Evotec (UK) Ltd., in silico Research and Development, Milton Park, Abingdon, Oxfordshire, United Kingdom.
PLoS One. 2023 Sep 8;18(9):e0291142. doi: 10.1371/journal.pone.0291142. eCollection 2023.
One area of active research is the use of natural language processing (NLP) to mine biomedical texts for sets of triples (subject-predicate-object) for knowledge graph (KG) construction. While statistical methods to mine co-occurrences of entities within sentences are relatively robust, accurate relationship extraction is more challenging. Herein, we evaluate the Global Network of Biomedical Relationships (GNBR), a dataset that uses distributional semantics to model relationships between biomedical entities. The focus of our paper is an evaluation of a subset of the GNBR data; the relationships between chemicals and genes/proteins.
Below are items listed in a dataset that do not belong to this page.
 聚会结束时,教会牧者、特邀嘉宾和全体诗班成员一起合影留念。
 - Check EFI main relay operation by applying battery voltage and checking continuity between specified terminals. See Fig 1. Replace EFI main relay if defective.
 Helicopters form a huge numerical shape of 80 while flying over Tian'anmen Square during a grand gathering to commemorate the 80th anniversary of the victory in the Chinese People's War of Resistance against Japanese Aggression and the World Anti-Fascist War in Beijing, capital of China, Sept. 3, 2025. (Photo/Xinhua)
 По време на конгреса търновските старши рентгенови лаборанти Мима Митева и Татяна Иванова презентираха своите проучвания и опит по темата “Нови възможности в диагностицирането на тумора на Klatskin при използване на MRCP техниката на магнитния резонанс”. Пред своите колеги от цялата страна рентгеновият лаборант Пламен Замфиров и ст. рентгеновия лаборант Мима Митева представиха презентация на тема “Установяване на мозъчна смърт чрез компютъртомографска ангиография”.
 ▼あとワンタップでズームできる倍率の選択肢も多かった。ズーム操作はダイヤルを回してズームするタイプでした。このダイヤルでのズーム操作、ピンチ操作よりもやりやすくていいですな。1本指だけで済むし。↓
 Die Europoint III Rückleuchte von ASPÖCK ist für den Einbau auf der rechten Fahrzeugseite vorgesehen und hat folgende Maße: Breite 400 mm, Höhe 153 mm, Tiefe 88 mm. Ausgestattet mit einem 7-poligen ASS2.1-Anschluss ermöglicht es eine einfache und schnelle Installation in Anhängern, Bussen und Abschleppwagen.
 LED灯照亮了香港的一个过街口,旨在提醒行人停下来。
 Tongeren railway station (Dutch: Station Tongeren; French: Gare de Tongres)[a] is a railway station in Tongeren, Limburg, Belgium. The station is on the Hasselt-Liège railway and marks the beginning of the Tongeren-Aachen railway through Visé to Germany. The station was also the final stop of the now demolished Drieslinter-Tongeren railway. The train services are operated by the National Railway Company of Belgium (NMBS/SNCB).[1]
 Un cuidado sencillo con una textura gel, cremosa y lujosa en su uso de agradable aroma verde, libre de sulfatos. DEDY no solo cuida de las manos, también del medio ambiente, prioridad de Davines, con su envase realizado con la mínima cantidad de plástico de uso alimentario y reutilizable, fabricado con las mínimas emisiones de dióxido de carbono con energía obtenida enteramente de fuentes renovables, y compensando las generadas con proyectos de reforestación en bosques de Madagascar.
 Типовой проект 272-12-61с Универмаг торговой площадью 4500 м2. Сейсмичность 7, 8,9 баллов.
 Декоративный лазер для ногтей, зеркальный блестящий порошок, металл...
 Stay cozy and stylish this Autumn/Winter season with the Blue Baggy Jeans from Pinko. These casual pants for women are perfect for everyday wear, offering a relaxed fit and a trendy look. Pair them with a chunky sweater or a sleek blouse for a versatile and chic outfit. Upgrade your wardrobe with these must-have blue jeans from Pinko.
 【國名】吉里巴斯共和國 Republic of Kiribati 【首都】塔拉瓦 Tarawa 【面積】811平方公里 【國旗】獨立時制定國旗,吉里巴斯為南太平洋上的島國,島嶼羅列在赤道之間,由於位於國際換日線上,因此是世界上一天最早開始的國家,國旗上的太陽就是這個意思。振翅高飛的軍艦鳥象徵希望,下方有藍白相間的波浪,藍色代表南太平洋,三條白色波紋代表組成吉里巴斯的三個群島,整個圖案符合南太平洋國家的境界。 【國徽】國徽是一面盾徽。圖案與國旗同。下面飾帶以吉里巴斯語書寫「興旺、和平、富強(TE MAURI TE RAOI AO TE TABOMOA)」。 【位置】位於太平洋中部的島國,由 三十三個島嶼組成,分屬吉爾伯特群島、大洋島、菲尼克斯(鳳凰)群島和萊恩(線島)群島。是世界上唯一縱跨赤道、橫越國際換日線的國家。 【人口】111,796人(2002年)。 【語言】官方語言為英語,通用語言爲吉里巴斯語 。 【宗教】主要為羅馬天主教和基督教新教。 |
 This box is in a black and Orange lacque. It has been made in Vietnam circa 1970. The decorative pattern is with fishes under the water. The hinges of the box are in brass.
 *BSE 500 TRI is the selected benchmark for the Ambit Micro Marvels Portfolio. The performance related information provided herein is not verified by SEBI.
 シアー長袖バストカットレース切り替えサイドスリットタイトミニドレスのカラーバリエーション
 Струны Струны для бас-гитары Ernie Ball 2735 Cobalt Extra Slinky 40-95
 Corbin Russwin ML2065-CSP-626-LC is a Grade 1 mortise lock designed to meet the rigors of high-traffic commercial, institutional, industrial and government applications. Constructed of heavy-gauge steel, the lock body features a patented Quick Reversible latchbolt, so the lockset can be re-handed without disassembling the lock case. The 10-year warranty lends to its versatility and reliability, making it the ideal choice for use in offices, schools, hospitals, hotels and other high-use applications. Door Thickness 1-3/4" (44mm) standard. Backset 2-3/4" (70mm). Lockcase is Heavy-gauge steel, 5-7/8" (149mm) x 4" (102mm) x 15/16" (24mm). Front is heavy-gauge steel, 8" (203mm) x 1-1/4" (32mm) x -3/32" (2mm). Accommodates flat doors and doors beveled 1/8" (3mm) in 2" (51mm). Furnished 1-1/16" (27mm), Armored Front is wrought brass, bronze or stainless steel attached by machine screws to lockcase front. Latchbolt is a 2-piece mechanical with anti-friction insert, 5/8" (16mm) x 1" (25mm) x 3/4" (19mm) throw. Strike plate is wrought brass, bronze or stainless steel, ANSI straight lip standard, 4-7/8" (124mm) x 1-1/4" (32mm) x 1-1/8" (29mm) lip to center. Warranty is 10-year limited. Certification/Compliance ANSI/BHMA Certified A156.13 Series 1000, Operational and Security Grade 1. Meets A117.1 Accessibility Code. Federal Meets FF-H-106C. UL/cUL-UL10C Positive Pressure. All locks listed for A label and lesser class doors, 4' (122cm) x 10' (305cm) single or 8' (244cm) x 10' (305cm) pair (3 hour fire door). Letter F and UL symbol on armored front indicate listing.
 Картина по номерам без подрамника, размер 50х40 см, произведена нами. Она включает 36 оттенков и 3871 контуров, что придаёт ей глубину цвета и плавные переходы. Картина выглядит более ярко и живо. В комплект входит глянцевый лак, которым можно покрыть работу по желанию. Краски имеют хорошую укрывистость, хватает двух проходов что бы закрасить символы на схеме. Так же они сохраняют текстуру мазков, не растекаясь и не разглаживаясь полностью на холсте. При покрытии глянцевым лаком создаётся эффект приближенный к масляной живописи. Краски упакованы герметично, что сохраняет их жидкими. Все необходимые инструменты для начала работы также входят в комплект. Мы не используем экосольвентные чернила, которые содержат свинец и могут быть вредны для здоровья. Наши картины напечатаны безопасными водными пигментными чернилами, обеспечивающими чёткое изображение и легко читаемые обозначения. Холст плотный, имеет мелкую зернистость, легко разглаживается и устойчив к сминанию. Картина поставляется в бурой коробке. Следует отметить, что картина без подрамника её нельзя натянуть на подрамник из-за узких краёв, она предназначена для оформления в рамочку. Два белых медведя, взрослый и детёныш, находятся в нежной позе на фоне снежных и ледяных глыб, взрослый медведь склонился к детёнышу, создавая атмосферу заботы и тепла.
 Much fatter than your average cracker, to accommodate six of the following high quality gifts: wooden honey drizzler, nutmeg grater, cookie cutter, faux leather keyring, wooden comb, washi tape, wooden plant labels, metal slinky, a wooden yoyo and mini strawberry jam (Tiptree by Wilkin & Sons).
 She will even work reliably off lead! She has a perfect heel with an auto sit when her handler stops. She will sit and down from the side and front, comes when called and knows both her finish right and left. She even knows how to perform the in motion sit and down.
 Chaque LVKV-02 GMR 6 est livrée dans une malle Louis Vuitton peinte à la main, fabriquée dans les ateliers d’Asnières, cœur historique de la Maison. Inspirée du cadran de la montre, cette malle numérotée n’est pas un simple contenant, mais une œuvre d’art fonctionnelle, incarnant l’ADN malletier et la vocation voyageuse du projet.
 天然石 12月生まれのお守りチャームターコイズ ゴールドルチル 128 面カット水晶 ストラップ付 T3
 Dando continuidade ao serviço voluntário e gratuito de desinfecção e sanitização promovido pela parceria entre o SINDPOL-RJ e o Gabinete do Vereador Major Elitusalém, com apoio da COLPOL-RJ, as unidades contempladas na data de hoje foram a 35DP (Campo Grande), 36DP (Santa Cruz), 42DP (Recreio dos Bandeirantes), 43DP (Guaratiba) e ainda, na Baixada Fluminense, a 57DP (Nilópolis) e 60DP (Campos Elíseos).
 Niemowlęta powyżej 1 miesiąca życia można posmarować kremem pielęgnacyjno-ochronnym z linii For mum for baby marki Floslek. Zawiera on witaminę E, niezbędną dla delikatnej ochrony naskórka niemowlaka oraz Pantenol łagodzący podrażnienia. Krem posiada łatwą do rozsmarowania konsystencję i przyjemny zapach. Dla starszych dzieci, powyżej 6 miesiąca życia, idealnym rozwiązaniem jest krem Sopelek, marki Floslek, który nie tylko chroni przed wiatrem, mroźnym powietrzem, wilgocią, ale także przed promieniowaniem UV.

We use Evotec's structured 'Nexus' database of >2.76M chemical-protein interactions as a ground truth to compare with GNBRs relationships and find a micro-averaged precision-recall area under the curve (AUC) of 0.50 and a micro-averaged receiver operating characteristic (ROC) curve AUC of 0.71 across the relationship classes 'inhibits', 'binding', 'agonism' and 'antagonism', when a comparison is made on a sentence-by-sentence basis. We conclude that, even though these micro-average scores are modest, using a high threshold on certain relationship classes like 'inhibits' could yield high fidelity triples that are not reported in structured datasets. We discuss how different methods of processing GNBR data, and the factuality of triples could affect the accuracy of NLP data incorporated into knowledge graphs. We provide a GNBR-Nexus(ChEMBL-subset) merged datafile that contains over 20,000 sentences where a protein/gene-chemical co-occur and includes both the GNBR relationship scores as well as the ChEMBL (manually curated) relationships (e.g., 'agonist', 'inhibitor') -this can be accessed at https://doi.org/10.5281/zenodo.8136752. We envisage this being used to aid curation efforts by the drug discovery community.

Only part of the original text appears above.